[What is needed]
Reproduce exactly the lines below, from the first one through the line containing "博多女子高校 長袖セーラー上下 指定リボン付き", and omit any pictures.
= = = =
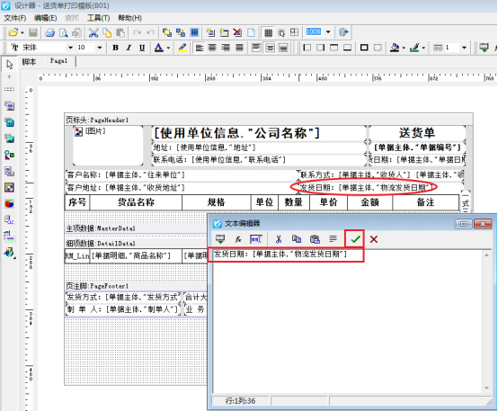 在單據(jù)開單界面選擇打印—》打印格式設(shè)計(jì)—》設(shè)計(jì)格式,進(jìn)入打印模板的設(shè)計(jì)器界面,雙擊發(fā)貨日期文本框,調(diào)用“單據(jù)主體•物流發(fā)貨日期”,如下圖所示:
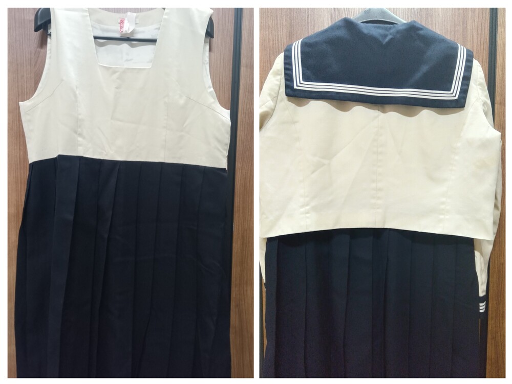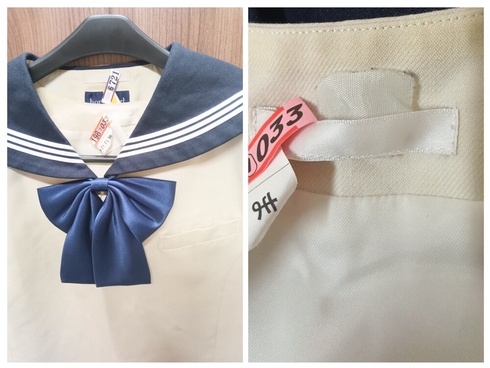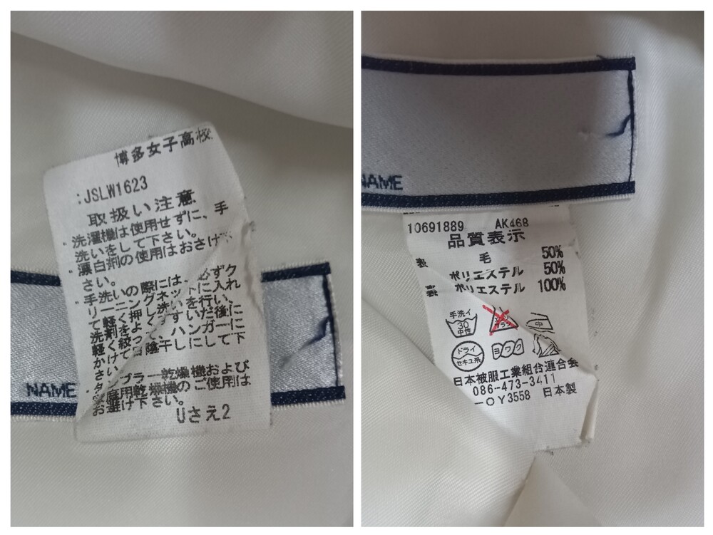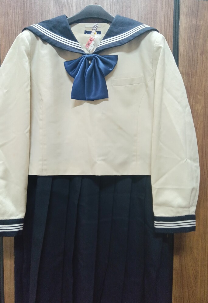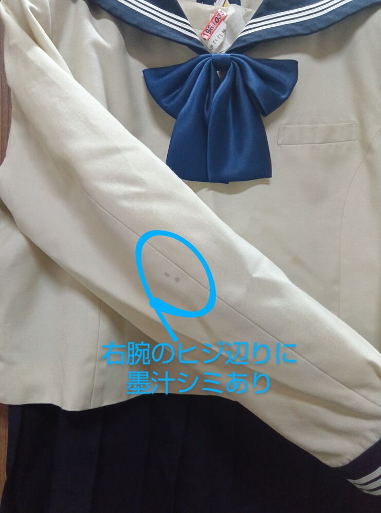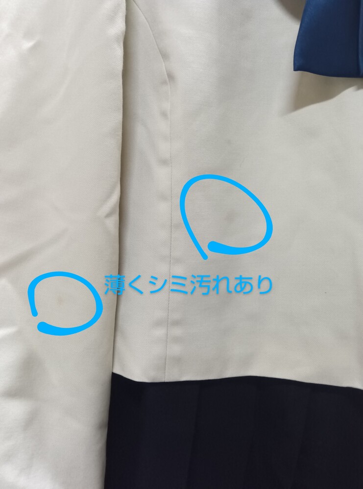 博多女子高校 長袖セーラー上下 指定リボン付き 冬服セーラー上衣 サイズ表記消えていて不明 肩幅約45ぐらい 脇下の身幅55ぐらい 冬服ジャンパースカート サイズ消えていて不明 スカート切り替え部のウエスト幅50ぐらい 着丈97ぐらい 譲ってもらったときに その子いわく180サイズでしたとのこと サイズから類推するに 上180A ジャンスカ180B かもしれません シミ汚れが何点か 目立つ箇所ありますので 写真に記載しております ここまで大きいサイズは初めて私も見ましたので かなりレア出品になります (出品枠が空いているときに不定期で出品) ホック欠損なし ファスナー良好 リボンは 指定品新品 を付属させました 業者クリーニング済み 保管時のシワがあります 発送は クロネコ 着払いにて (元払いは要ご相談にて) お取引終了後に「受取連絡」をされないかたは入札ご遠慮ください (評価記入と 受取連絡 は別です) 以下お取り引き注意事項
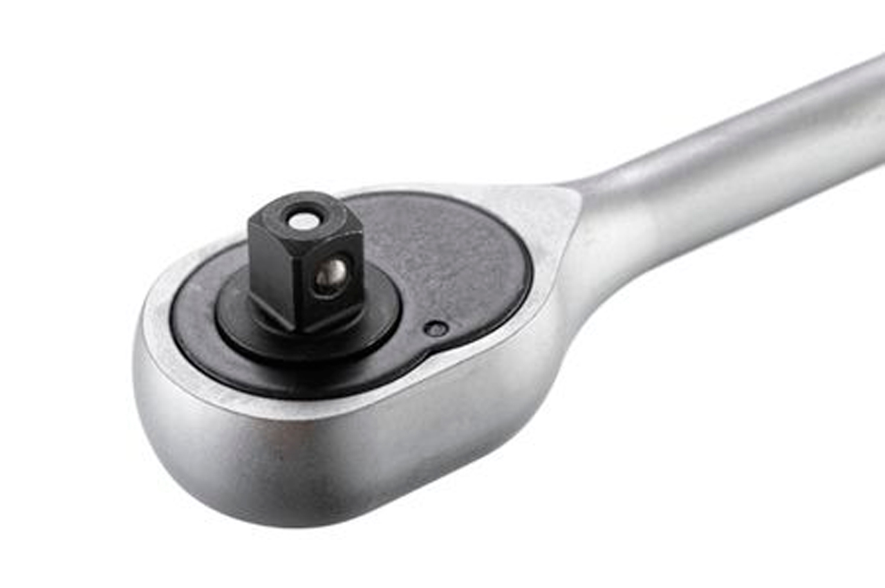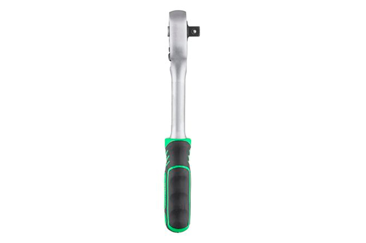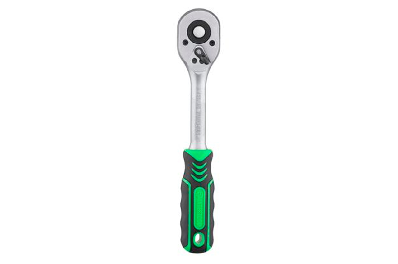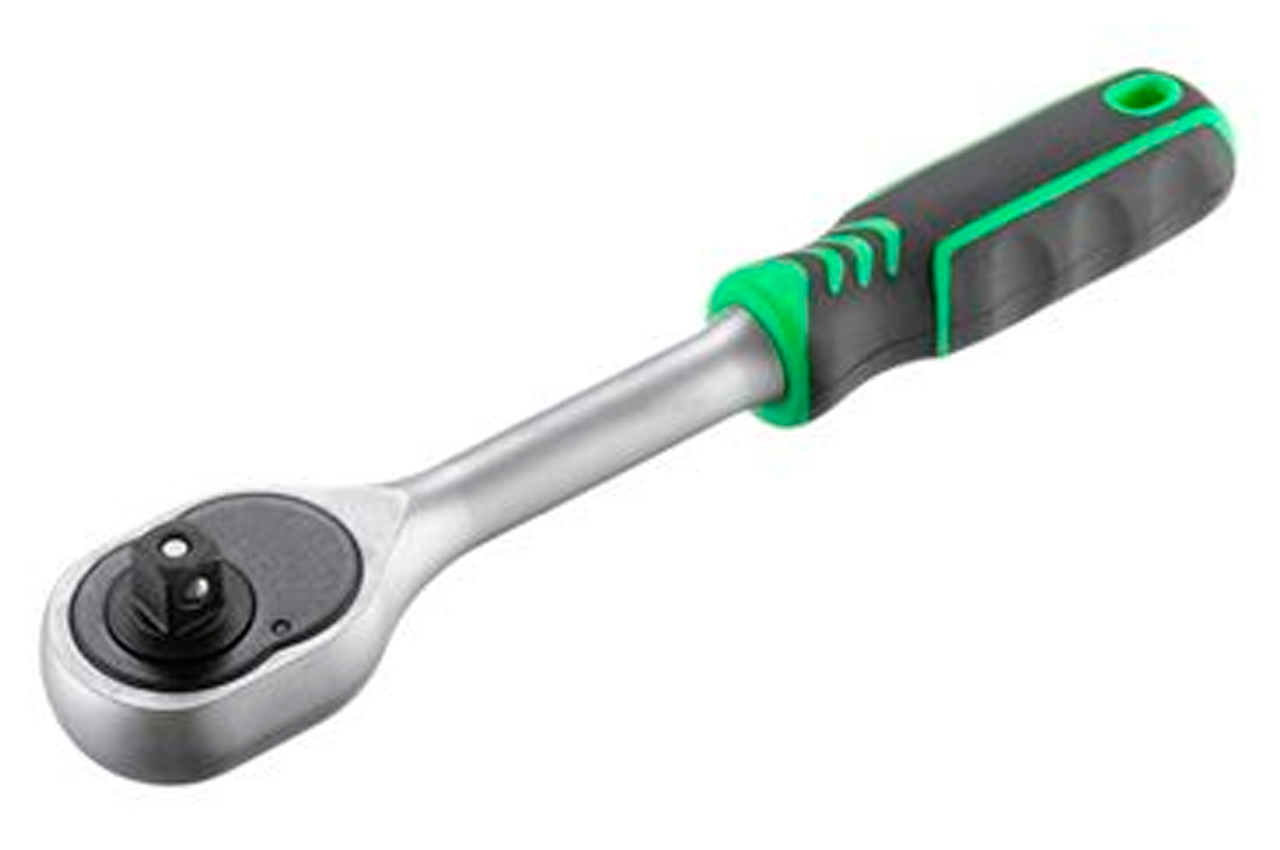 Тріскачка виготовлена із загартованої сталі з додаванням Cr-V. Витримує критичні навантаження і не схильна до появи корозії. Храповий механізм в 72 зуба з дрібним кроком забезпечить плавний хід і дозволить працювати тріскачкою в самих важкодоступних місцях. Тріскачка, з посадковим квадратом 3/8 ", оснащена системою швидкого скидання і фіксації головок. Є перемикач напряму - можна крутити в обидві сторони. Зручна ручка з двокомпонентним покриттям не ковзає навіть в мокрих або брудних руках. Загальна довжина: 215 мм; Квадрат: 3/8 "
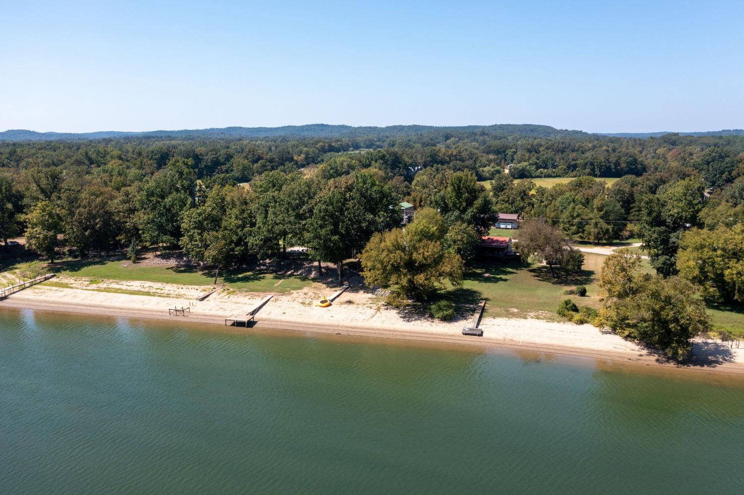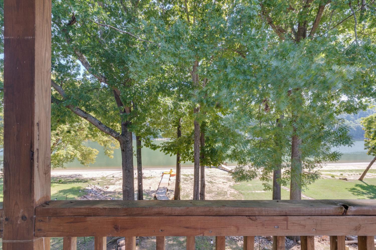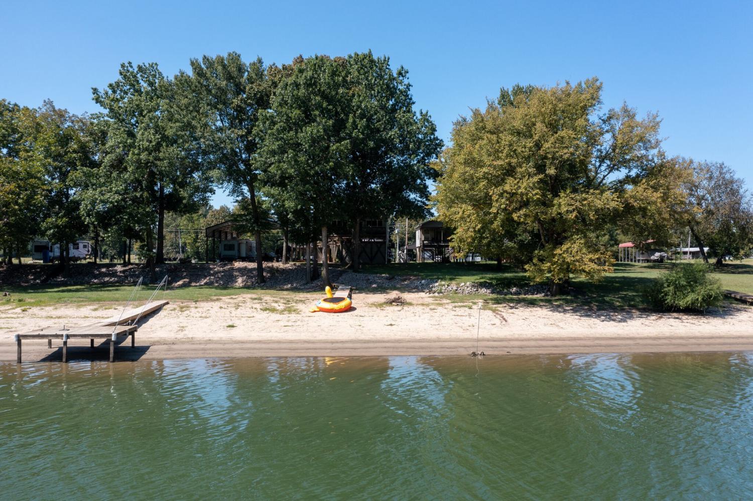 Welcome to 752 Pevahouse Rd, a rare riverfront find on the Tennessee River/Kentucky Lake. This beautifully renovated and fully furnished home is elevated on pilings above the shoreline, offering stunning water views and seamless access to the river via a private boardwalk that leads to a sandy beach, pier, and the water’s edge. Updated just a few years ago, the home features new siding, roof, and flooring, combining modern updates with relaxed lake living. The main level offers an open-concept layout with a spacious great room and fireplace, a fully furnished kitchen, two bedrooms, one full bath, and a conveniently located washer and dryer. A circular staircase leads to the upper loft level, which includes two additional sleeping areas and a full bath — ideal for guests and entertaining. Exterior features include a full concrete base with a small garage, additional storage building, half bath, outdoor shower, and a lift, providing easy access between levels. Whether you’re enjoying time on the beach, boating from your pier, or relaxing indoors, this exceptional riverfront property delivers the best of Kentucky Lake living.
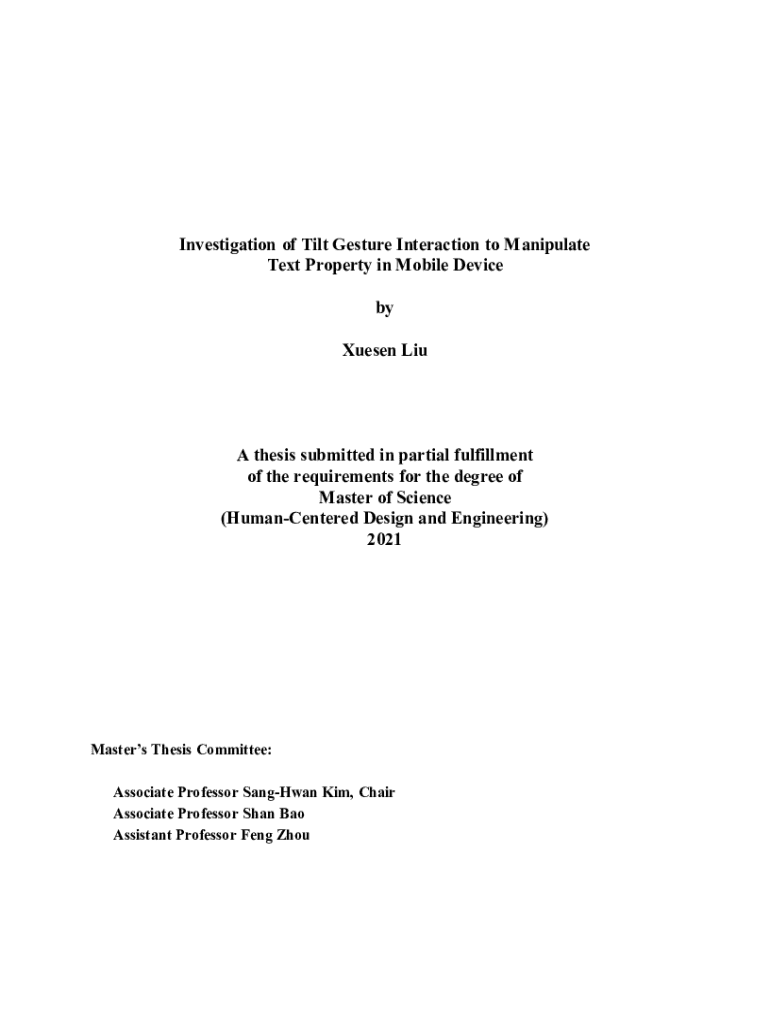 Investigation of Tilt Gesture Interaction to Manipulate Text Property in Mobile Device by Xuesen LiuA thesis submitted in partial fulfillment of the requirements for the degree of Master of Science
= = = =
[Solution for this exercise]
 在單據(jù)開單界面選擇打印—》打印格式設(shè)計(jì)—》設(shè)計(jì)格式,進(jìn)入打印模板的設(shè)計(jì)器界面,雙擊發(fā)貨日期文本框,調(diào)用“單據(jù)主體•物流發(fā)貨日期”,如下圖所示:
 博多女子高校 長袖セーラー上下 指定リボン付き 冬服セーラー上衣 サイズ表記消えていて不明 肩幅約45ぐらい 脇下の身幅55ぐらい 冬服ジャンパースカート サイズ消えていて不明 スカート切り替え部のウエスト幅50ぐらい 着丈97ぐらい 譲ってもらったときに その子いわく180サイズでしたとのこと サイズから類推するに 上180A ジャンスカ180B かもしれません シミ汚れが何点か 目立つ箇所ありますので 写真に記載しております ここまで大きいサイズは初めて私も見ましたので かなりレア出品になります (出品枠が空いているときに不定期で出品) ホック欠損なし ファスナー良好 リボンは 指定品新品 を付属させました 業者クリーニング済み 保管時のシワがあります 発送は クロネコ 着払いにて (元払いは要ご相談にて) お取引終了後に「受取連絡」をされないかたは入札ご遠慮ください (評価記入と 受取連絡 は別です) 以下お取り引き注意事項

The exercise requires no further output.